The first thing I’ve noticed is that when we generate fake images for the first time:

fake = gen(fake_noise)

there is an overhead of constructing a computation graph for backpropagation. It is okay if we use this result later in the generator update, but instead, a new fake example fake_2 is generated. So, in this case, it is better to wrap it with a no_grad context manager. This way, there is no need to use the .detach() method because there is no computation graph:

with torch.no_grad():
      fake = gen(fake_noise)
disc_fake_pred = disc(fake)

Alternatively, we could use these examples to update the generator without generating new fake images, while keeping the discriminator update unchanged:

## Update generator ##
gen_opt.zero_grad()
disc_fake_pred = disc(fake)
gen_loss = criterion(disc_fake_pred, torch.ones_like(disc_fake_pred))
gen_loss.backward()
gen_opt.step()

This is more efficient and leads to similar results. The use of fake_noise and fake_noise_2 implies separate noise vectors for discriminator and generator updates. While this works, it might introduce unnecessary variability.

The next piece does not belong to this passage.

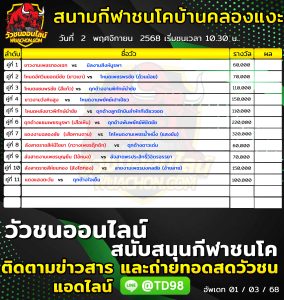 โปรแกรมวัวชน สนามกีฬาชนโคบ้านคลองแงะ 2 พฤศจิกายน 2568 รายการวัวชน

My question is: what is the reason for generating new fake examples?

Another thought is about the retain_graph=True option in the discriminator gradients computation. There is no need for this option because the computational graph is recomputed later in the forward pass here:

disc_fake_pred = disc(fake_2)

In some cases, such as in multitask learning where we have two losses computed from the outputs of different layers, it is necessary to retain the graph after backpropagation over the first loss, but this is not the case here.

1 Like

Hi, Pavel.

It looks like you are already a sophisticated and experienced user of PyTorch when you came to this course. If you’ve looked around at the Deep Learning courses, you’ve probably noticed that all of them except GANs use TensorFlow. So this course is set up to assume that the student is seeing PyTorch for the very first time, as you can tell from the torch tutorial in Week 1. So perhaps they didn’t want to get into the level of detail at which you’ve explained things here and are trying to keep things relatively simple.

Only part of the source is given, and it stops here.